Chief Justice of the Supreme Court of Pennsylvania
- In office 1972–1977
- Preceded by: John C. Bell Jr.
- Succeeded by: Michael J. Eagen

Justice of the Supreme Court of Pennsylvania
- In office 1957–1972

Personal details
- Born: May 29, 1906 Wilkes-Barre, Pennsylvania
- Died: July 24, 1980 (aged 74)
- Spouse: Jane Griffith
- Alma mater: Princeton University University of Pennsylvania

Military service
- Allegiance: United States of America
- Branch/service: United States Navy
- Battles/wars: World War II

= Benjamin R. Jones =

American judge (1906–1980)

Benjamin Rowland Jones, Jr. (May 29, 1906 – July 24, 1980) was a justice of the Supreme Court of Pennsylvania from 1957 to 1972 and chief justice from 1972 to 1977.

==Biography==
Benjamin R. Jones was born on May 29, 1906, in Wilkes-Barre, Pennsylvania. He studied at Wyoming Seminary, where he served as class president, before attending Princeton University, graduating in 1927, and the University of Pennsylvania Law School. While at Princeton, Jones participated in debating and managed the freshman and varsity lacrosse teams.

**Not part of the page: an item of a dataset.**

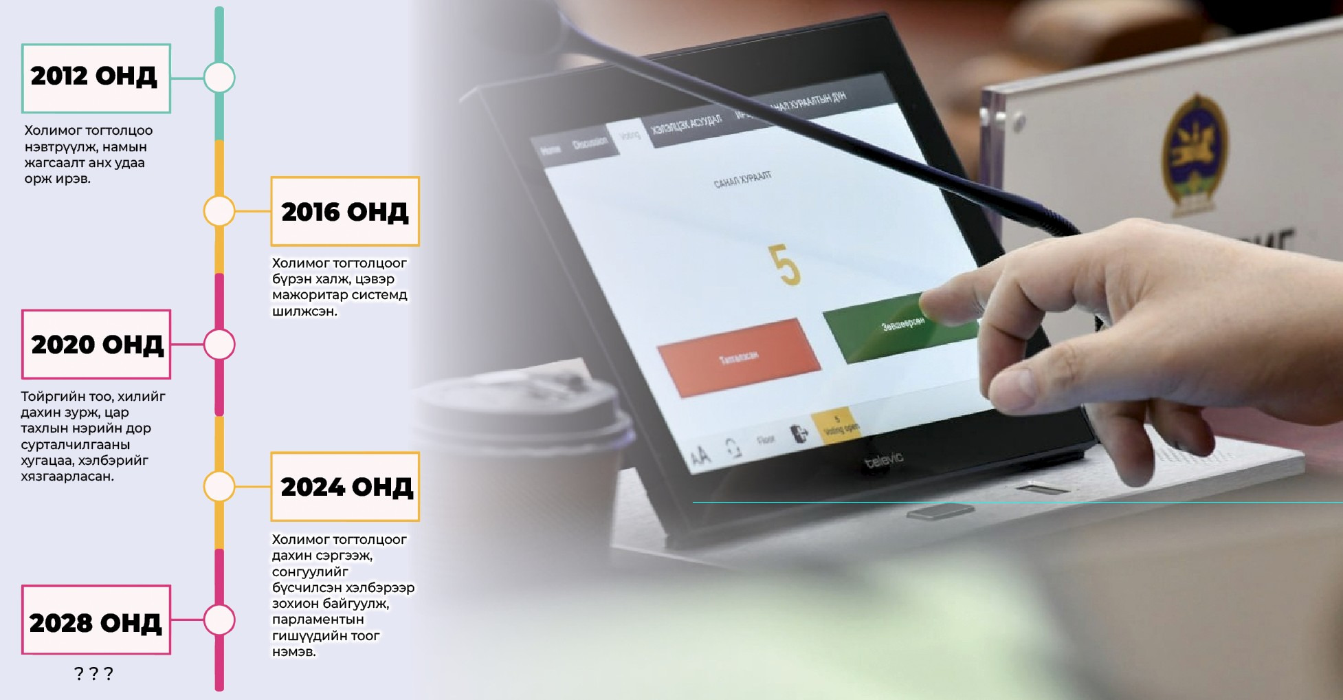 Сүүлийн хэдэн сонгуулийн хуулийн өөрчлөлтөөс харахад л ойлгомжтой.

Following law school, Jones served in the Luzerne County, Pennsylvania, District Attorney's office before serving in the United States Navy during World War II. In January 1957, Jones joined the Supreme Court of Pennsylvania as an associate justice. He served as an associate justice until his ascension to chief justice in 1972. He retired from the court in 1977. He died on July 24, 1980.

Jones had two sons with his first wife, who both attended Princeton and became attorneys. His first wife died in 1953 and he remarried, to Jane Griffith, who had a son of her own. Jones served as president of the United Fund and trustee of Wyoming Seminary and his church, a Welsh church of the Presbyterian denomination.